Cavusoglu also considers words people try to erase. She has created a song from 191 words the Turkish government once banned from the airwaves. In January 1985, Cavusoglu explains in her website, the General Directorate of the Turkish Radio and Television Corp. banned 205 words on television and radio broadcasts -- words like “memory, remember, recollection, experimental, motion, revolution, nature, dream, theory, possibility, history, freedom, example, conversation, whole, life.”

 

Linking music and visual arts
The meeting of music and art intrigues Foradas and several artists in this show, including Osman Khan, an artist who directs the master of fine arts program in the School of Art and Design at the University of Michigan.


Khan is working on a new commission for Mass MoCA, an installation with sound. Popular music in the United States usually follows Western, European structures -- the octave, the 12-note chromatic scale, 3/4 or 4/4 time, and so on.


“He is interested in what would happen if dance music was written from an Indian tradition,” Foradas said.


For Mass MoCA, Khan imagines a kind of three-dimensional stage set inspired by Mughal miniature paintings, especially of thrones -- an emperor sitting on a carved chair under a canopy.
Khan draws his sounds from Indian classical music, from the complex melodies and structures and improvisations of ragas.


A raga, Foradas explained, is a language of sound. Indian classical music has many, many ragas. In each one the tone and length and order of the notes holds a feeling, a stage of mind. Some are meant to be played at a time of day or a time of year, such as at sunrise in the first days spring.


Khan is creating new music influenced by an algorithm he is creating and an electronic tabla, a drum played with the hands and fingers in a rhythm that can rise and fall like a speaking voice.
Jimena Sarno, an artist in Argentina and the United States, also is creating new music in her work. This spring she will release a vinyl record of “taracata trabaja,” a sound installation she composed and designed with Argentine musician Axel Krygier.


The music is based on an Argentine folk song, “Malambo del Hornerito,” warmly honoring the hornero, the national bird of Argentina.


Horneros are small birds, red-brown and white, “monogamous and hard working,” Sarno says in a description of the work on her website. They are also called red ovenbirds, because they build nests out of mud and straw: a red-brown dome a foot tall with a rounded door in the front.
The folk song plays with two onomatopoeias, she writes: “taracata, the sound of hard work (i.e., fields being plowed and nails being hammered) and chapalea, a verb evolving from the sound of squelching in mud.” She intends the music, she writes, to give a sense of “the complexities of making a home, and of labor and its imbued ideas of meritocracy … pleasure, well-being and dignity.”
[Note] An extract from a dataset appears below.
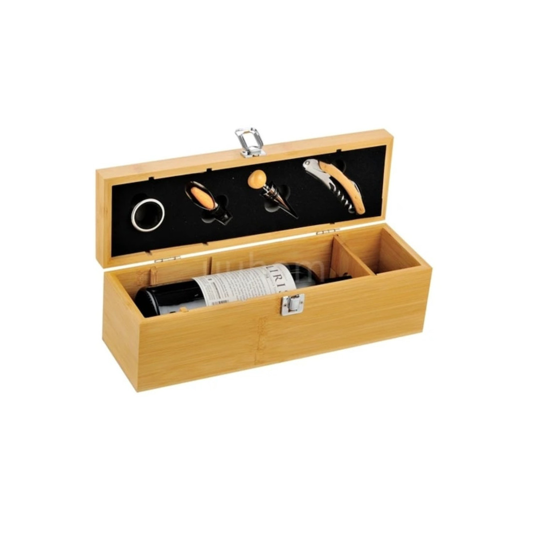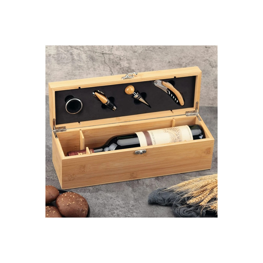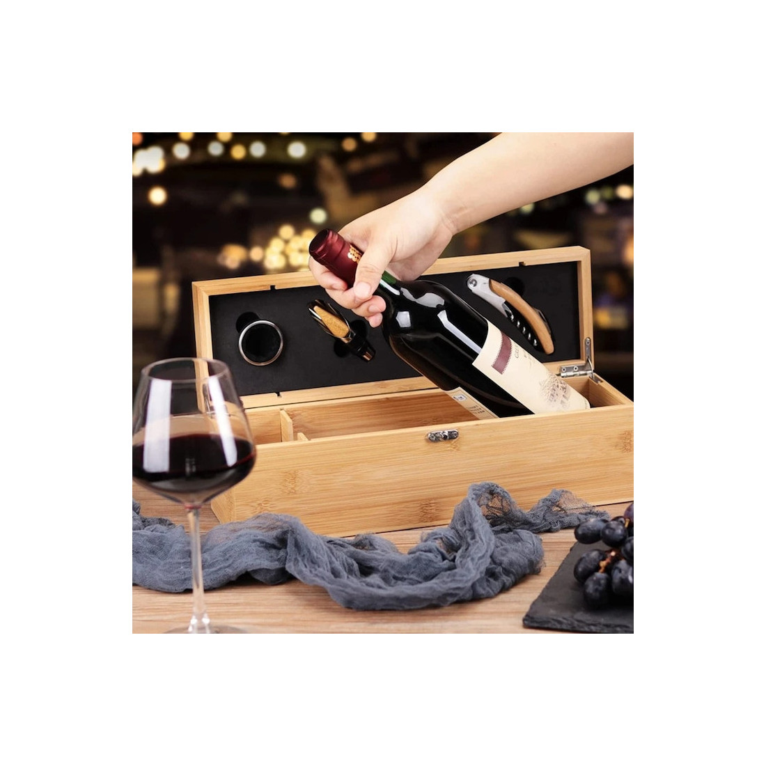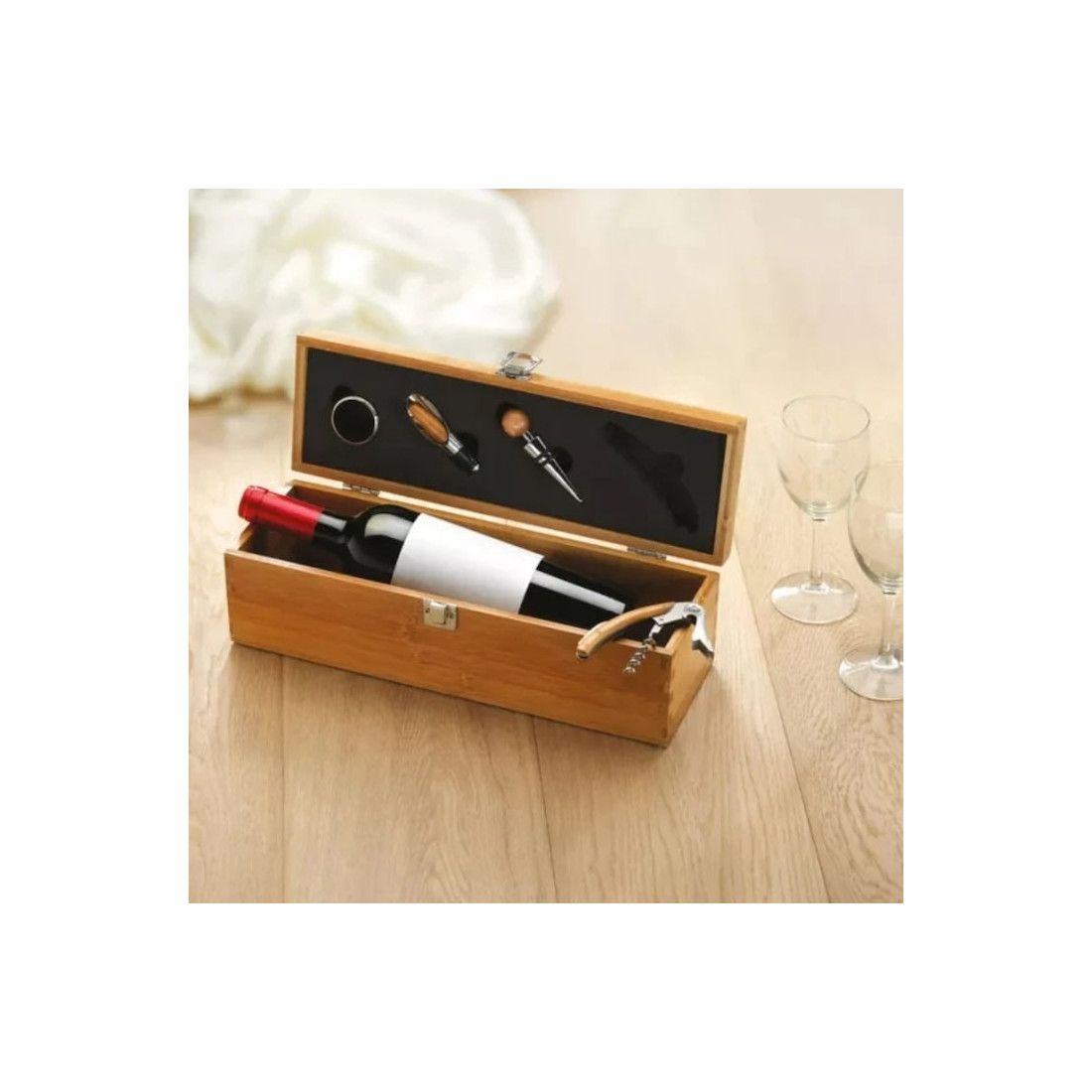 Cutia compactă din lemn cu finisaj elegant adaugă o notă de clasă oricărei ocazii – de la aniversări, sărbători sau petreceri la seri relaxante în familie. Prezentarea impecabilă face din acest set un cadou apreciat de cunoscători și iubitorii de vin.

The installation’s music accompanies sculpture, as Sarno glazes the notes and images of the birds on hand-thrown ceramic plates. At Mass MoCA, four singers will perform the score for four voices at the show’s opening on March 21.


Brazilian artist Clarissa Tossin has called on music and dance to translate a house across 4,000 miles, along the Pacific coast to the cities where its design has its roots. She will bring “Ch’u Mayaa” to Mass MoCA as a film linked to an installation in 2018 at the Whitney Museum of American Art in New York City.


Tossin describes it as honoring and reviving “the overlooked influence of Mayan architecture on Frank Lloyd Wright’s Hollyhock House.”


Hollyhock House is now a UNESCO World Heritage site in Los Angeles. It has sunlit dun walls like blocks of stone set at a steep slant. Patterns of linked squares repeat on the moldings and in the windows. Rectangular lights shine through slats of wood, and stone steps lead into a courtyard garden lined with square pillars.


Tossin imagines the house as a temple. In her work, a woman dances there with gestures and postures found in ancient Mayan pottery and murals. She reunites the house with the Mesoamerican tradition and architecture it belongs to, linking it through centuries. The title means “Maya Blue,” Tossin explains, an azure pigment in Mayan pottery and murals, known for lasting through weather and time.